The Peninsular War (1807–1814) was a war for control of the Peninsula between Napoleon and Bourbon Spain (with the British Empire and Ireland allied with the Kingdom of Portugal). During the Napoleonic Wars, Iberia was ruled by the Spanish. The conflict began in 1807, when French and Spanish soldiers invaded and conquered Portugal, and escalated in 1808, when France declared war on its former ally, Spain. The struggle on the peninsula lasted until Napoleon was defeated by the Sixth Coalition in 1814, and it is regarded as one of the first wars of national liberation, significant for the creation of guerilla warfare on a grand scale.
The Peninsular War, also known as the Guerra de la Independencia Espaola (Spanish War of Independence), began on May 2, 1808, with the Dos de Mayo Uprising and ended on April 17, 1814. The French occupation of Spain demolished the Spanish government, which disintegrated into rebellious provincial councils of warriors. This was the bloodiest period in contemporary Spanish history, with twice as many deaths as the Spanish Civil War.
In 1810, a national government, the Cortes of Cádiz Giin, was re-established as a government-in-exile in Cádiz, but it was unable to assemble an army efficiently since it was surrounded by 70,000 French troops. British and Portuguese forces eventually captured Portugal, utilizing it as a safe haven from which to conduct campaigns against the French army and supply them with whatever supplies they could muster. While the Spanish army and guerrillas encircled major portions of Napoleon's force.
By limiting French control of the country, these often and irregularly assembled allied forces hindered Napoleon's Marshals from pacifying the rebellious Spanish provinces, and the war went on for years.
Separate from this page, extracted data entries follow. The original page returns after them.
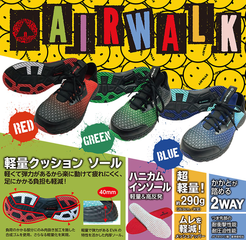 安全靴 ユニワールド AIR WALK エアウォーク フレックスフィット AW-910、AW-920、AW-930 紐靴 スニーカータイプ
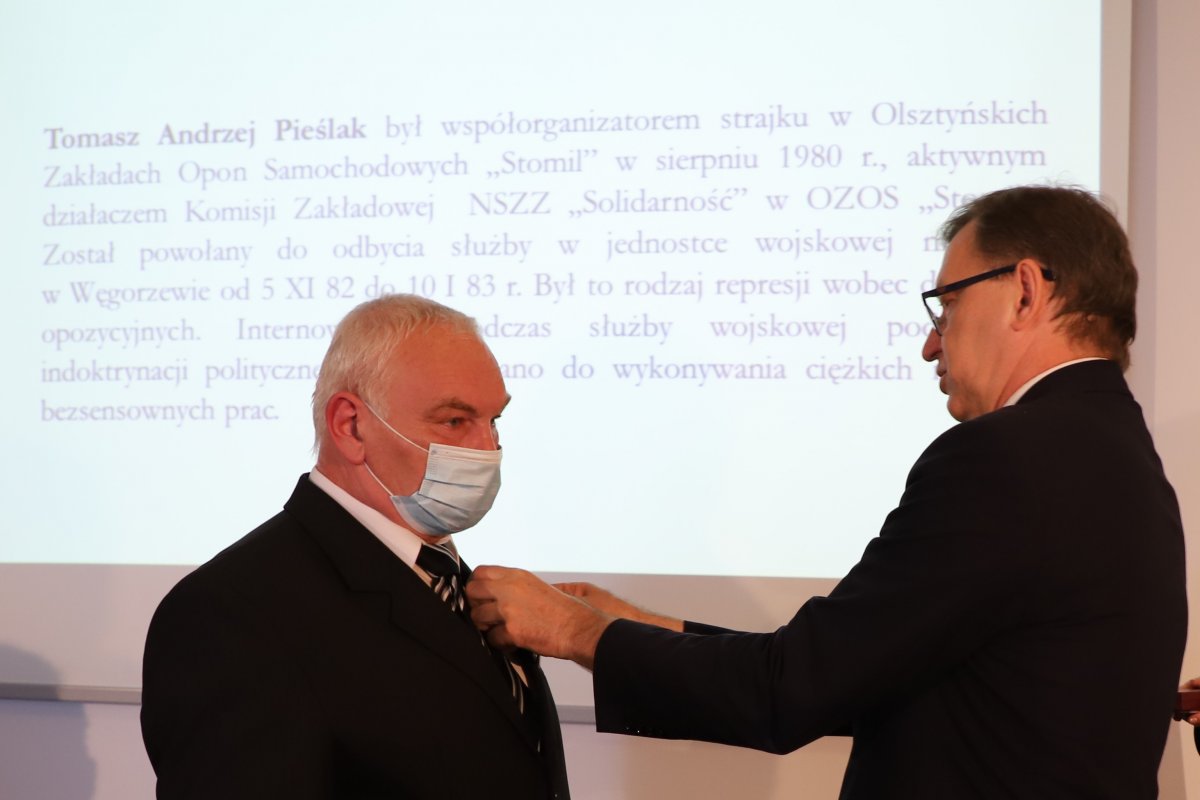 Chciałbym, żeby te Krzyże Wolności i Solidarności były również symboliczną nagrodą dla Waszych rodzin, za czas strachu, niepewności, a nieraz także samotności i społecznego odrzucenia. Są dziś w Waszym gronie zwykli ludzie: ówcześni robotnicy, rolnicy, i pracownicy samorządów. To pokazuje, że pragnienie życia w wolnej Ojczyźnie było pragnieniem powszechnym. A jednak nie wszystkim wystarczało odwagi, by sprzeciwić się zbrodniczemu systemowi, który jeszcze w trakcie trwania swej agonii nie wahał się zabijać przeciwników politycznych. Dlatego jesteście ludźmi wyjątkowymi, którym w ten sposób wyrażamy dziś naszą wdzięczność.
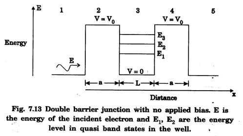 SCANNING TUNNELING MICROSCOPE (STM) A scanning tunneling microscope, or STM, is a type of electron microscope. It is commonly used in fundamental and industrial research. ● It is an instrument used for imaging surfaces at the atomic level. ● Due to its high resolution, individual atoms within materials are routinely imaged and manipulated. Note: Invented in the year 1981 by Gerd Binning and Heinrich Rohrer from IBM's Zurich Research Center in Switzerland. It helped them to win Nobel Prize in Physics in the year 1986. It is based on the concept of quantum mechanical tunneling of electrons. ● In this technique, a sharp narrow conducting needle (probe) or tip is brought very near to the surface to be examined (Fig. 7.7) ● A small voltage difference about 1V is applied between the tip and the surface of the material ● This allows electrons to tunnel through the vacuum between them and results in tunneling current. ● Information about surface morphology is obtained by monitoring the tunneling current. The tip's position scans across the surface and it is usually displayed in image form The components of STM include 1. Scanning needle tip 2. Piezoelectric controlled height and surface (x, y) scanner. 3. Coarse sample to tip control 4. Vibration isolation system and 5. Computer ● Needle tip for scanning the sample surface. It is often made of tungsten. ● Piezoelectric tube is provided with tip and electrodes. It is capable of moving X, Y, Z directions. It is used to maintain the tip position with respect to the sample and scanning the sample. ● Coarse sample to tip control is used to bring the tip close to the sample. ● Vibration isolation systém: It prevents any vibration or sound in the system ● The computer is used to acquire the data and it may also used for enhancing the image with the help of image processing as well as performing quantitative measurement. The sharp metal needle is brought close to the surface to be imaged. The distance is of the order of a few angstroms. ● A bias voltage is applied between the sample and the tip. When the needle is at a positive potential with respect to the surface, the electrons can tunnel through the gap and set up a small "tunneling current" in the needle. This feeble tunneling current is amplified and measured ● With the help of the tunneling current, the feedback electronics keeps the distance between tip and sample constant. ● Once tunneling is established, the tip's bias and position with respect to the sample can be varied and data are obtained from the resulting changes in current. ● If the tip is moved across the sample in the x - y plane, the changes in surface height and density of states causes changes in tip current. These changes are mapped in images to present the surface morphology. ● This change in current with respect to position can be measured itself, or the height Z of the tip corresponding to a constant current can be measured. These two modes are called constant height mode and constant current mode, respectively. STMs are helpful because they can give researchers a three dimensional profile of a surface. It allows researchers to examine a multitude of characteristics, including roughness, surface defects and determining things about the molecules such as size and conformation. ● For an STM, good resolution is 0.1 nm lateral resolution aneh 0.01 nm depth resolution. ● The high resolution of STMs enable researchers to examine surfaces at an atomic level. ● Capable of capturing much more detail than other microscopes. This helps researchers better understand the subject of their research on a molecular level. ● STMs are also versatile. They can be used in ultra high vacuum, air, water and other liquids and gasses. ● They will operate in temperatures as low as zero Kelvin up to a few hundred degrees Celsius. There are very few disadvantages of using a scanning tunneling microscope. ● STMs can be difficult to use effectively. There is a very specific technique that requires a lot of skill and precisions. ● STMs require very stable and clean surfaces, excellent vibration control and sharp tips. ● A small vibration even a sound, can distrub the tip and the sample together. ● Éven a single dust particle can damage the needle. ● STMs use highly specialized equipment that is fragile and expensive. ● The electronics require for STM are extremely sophisticated as well as very expensive 1. It is a powerful tool used in many research fields and industries to obtain atomic scale sample imaging and magnification. 2. One innovative applications of STM recently found is manipulation of atoms. For example, Iron atoms are placed on Cu surface and dragged by the STM tip and moves across the surface to a desired position. 3. It is used to analyze the electronic structures of the active sites at catalyst surfaces. 4. (STM is used in the study of structure, growth, morphology, electronic structure of surface, thin films and nano structures. An interesting phenomena occurs when two barriers of width a separated by a potential well of small distance L as shown in fig. 7.13. This leads to the concept of resonant tunneling. For example, assume that incident electrons have energy E and that all the energy states En lie above E, as shown in fig. 7.14. The barriers are sufficiently thin to allow tunneling and the well region between the two barriers is also sufficiently narrow to form discrete (quasi-bound) energy levels, as shown in fig. 7.13. The transmission coefficient of the double symmetric barrier becomes unity (ie., T = 1), when the energy of the incoming electron wave (E) coincides with the energy of one of the discrete states formed by the well. where n = 1, 2, 3 ... Thus, transmission probability of the double symmetric barrier is maximum and hence, the tunneling current reaches peak value when the energy of electron wave is equal to quantised energy state of the well. This phenomenon is known

The British army, under General Sir Arthur Wellesley, later Duke of Wellington, defended Portugal and campaigned against the French in Spain alongside the reformed Portuguese army. The demoralized Portuguese army was reorganized and re-equipped under the command of General William Beresford, who had been appointed commander-in-chief of Portuguese forces by the exiled Portuguese royal family and fought as part of the Anglo-Portuguese Army under Wellesley.
When Napoleon invaded Russia with Grande Armée in 1812 and failed miserably, an allied army led by Wellesley entered Spain, destroyed the French at Salamanca, and took Madrid. The following year, Wellington defeated King Joseph Bonaparte's army in the Battle of Vitoria. Field Marshal Jean-de-Dieu Soult, who commanded French forces, could no longer get significant backup from a depleted France as he was pursued by British, Spanish, and Portuguese soldiers. During a winter retreat along the Pyrenees in 1813–1814, he became tired and discouraged.
The Grande Armée of France bore a terrible weight during the years of fighting in Spain. While the French won the battle, their communications and supplies were badly hampered, and their soldiers were regularly isolated, harassed, or overwhelmed, as well as viciously assaulted by adversaries. Man from the guerrilla army. The Spanish army was frequently humiliated and pushed to the periphery, but it recovered and chased the French ferociously. Because of France's squandering of resources, Napoleon, who accidentally provoked an all-out war, dubbed the battle the "Spanish Ulcer."
The Spanish Constitution of 1812, which ultimately became the foundation of European liberalism, was established as a result of war and revolt against Napoleon's occupation. The economic and social fabric of Portugal and Spain was devastated by war, ushering in a period of social upheaval, political instability, and economic stagnation. Civil wars between liberal and absolutist factions, commanded by officers educated in the Peninsular War, lasted until 1850 throughout Iberia. Interruptions of invasion, revolution, and restoration led to Spain's independence from most of the American colonies and Brazil's freedom from Portugal.